Linda-Marie Günther schildert knapp die Ergebnisse ihres epigraphischen Projektes über Bürgerinnen im hellenistischen Milet und deren Rolle in der Polisöffentlichkeit (S. 68–73). Aus dem Text geht glücklicherweise ein leicht zu übersehender Verweis auf die Monographie4 hervor. Günther zeigt, dass soziale und politische Netzwerke ineinander verwoben waren und „dass Frauen zur sozialen Mobilität beitrugen“ (S.72). Ein allzu hartes Urteil über die meisten Aufsätze dieses Sammelband wird damit gefällt, dass „Milet nach wie vor die einzige antike bzw. hellenistische Stadt neben Athen ist, die eine nähere Analyse bürgerlicher Identität ermöglicht“ (S. 86).

Den Abschluss des Bandes gestaltet Martin Zimmermann mit einem Epilog auf einen neuen theoretischen Überbau der Stadtforschung (S.400–406): Die wichtigsten Marken hierbei sind das Bewusstwerden von lokalen Besonderheiten, Ungleichzeitigkeiten und Diversität einerseits aber auch eine Koexistenz von Diskursen und Räumen sowie performativer Akte als „Produzenten städtischer Identität“. „Die bildlichen und textuellen Repräsentationen städtischer Identität werden demnach erst umfassend begriffen, wenn man sie mit der urbanen Struktur als physischer Textur der Stadt und den sozialen, politischen und sakralen Praktiken ihrer Bewohner in einem Gesamtbild erfasst.“ (S.403)

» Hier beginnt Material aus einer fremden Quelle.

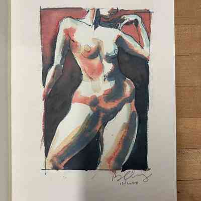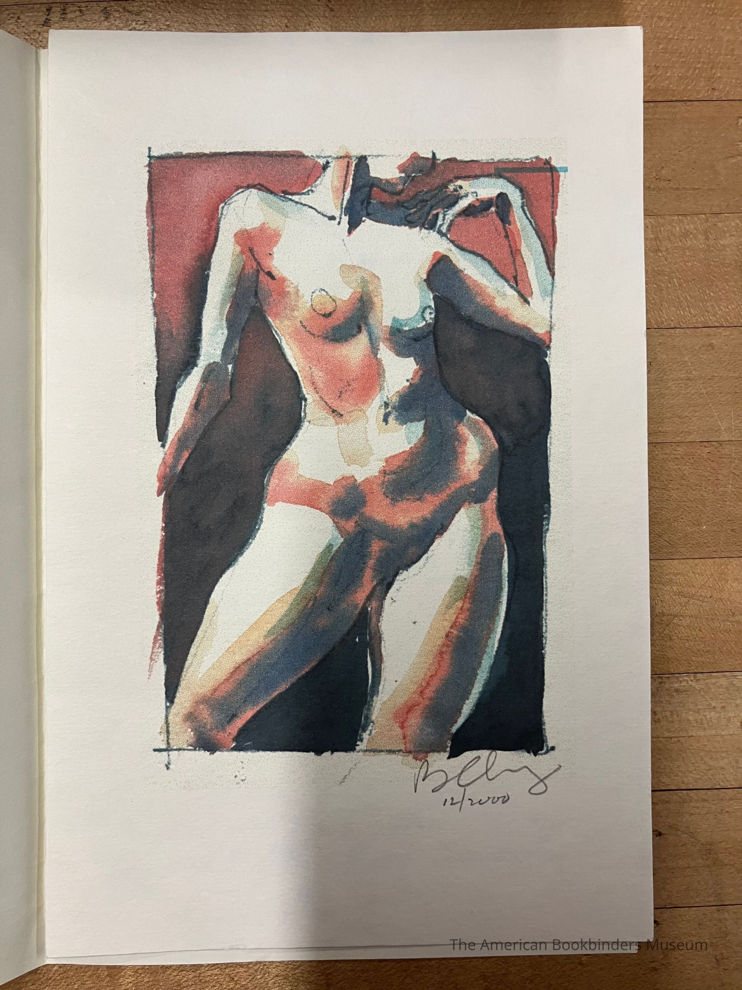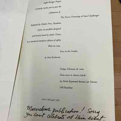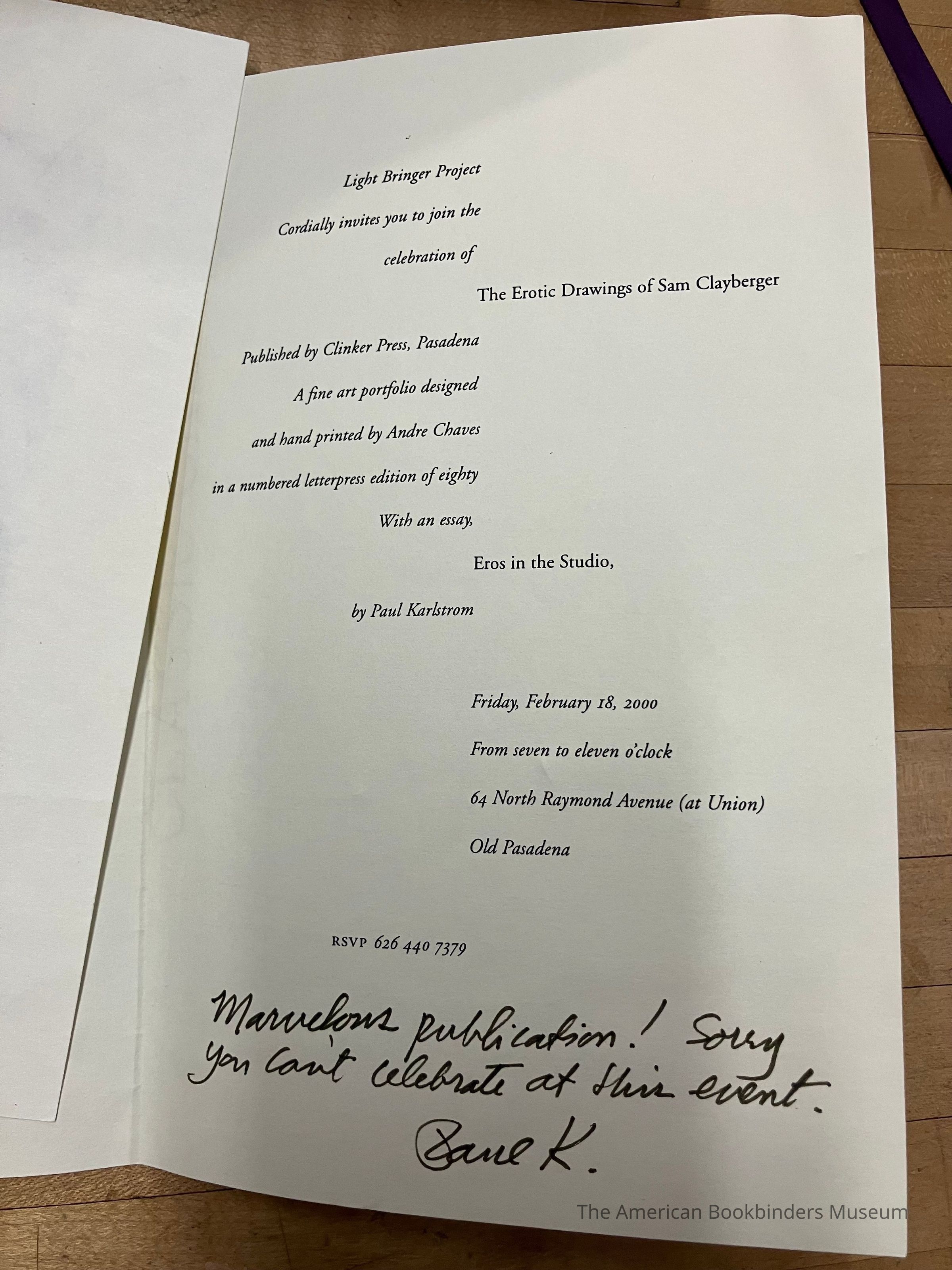 Leaflet as invitation for the catalog "The Erotic Drawings of Sam Clayberger", for the exhibition at Prufrock Gallery. At the bottom of the inside page is a note by Pul Karlstrom. A print or watercolor has been tucked in, showing a female nude in gray, green, and red.Collection

Diesen Dienst konnte der Abschlussband des SPP in weiten Teilen erbringen. Und wo er es nicht konnte, darf man auf die Monographien gespannt bleiben.

Anmerkungen:
1 Ulrich Gotter, Akkulturation als Methodenproblem der historischen Wissenschaften, in: Wolfgang Eßbach (Hrsg.), wir/ihr/sie. Identität und Alterität in Theorie und Methode, Würzburg 2000, S.373–406.
2 Daniel Kah / Peter Scholz (Hrsg.), Das hellenistische Gymnasion, 2. Aufl., Berlin 2007 (1. Aufl. 2003).
3 Christian Mann / Peter Scholz (Hrsg.), „Demokratie“ im Hellenismus – von der Herrschaft des Volkes zur Herrschaft der Honoratioren?, Die hellenistische Polis als Lebensform Bd. 2, Berlin 2012, mit weiterführender Forschungsdiskussion.
4 Linda-Marie Günther, Bürgerinnen und ihre Familien im hellenistischen Milet. Untersuchungen zur Rolle von Frauen und Mädchen in der Polis-Öffentlichkeit, Wiesbaden 2014.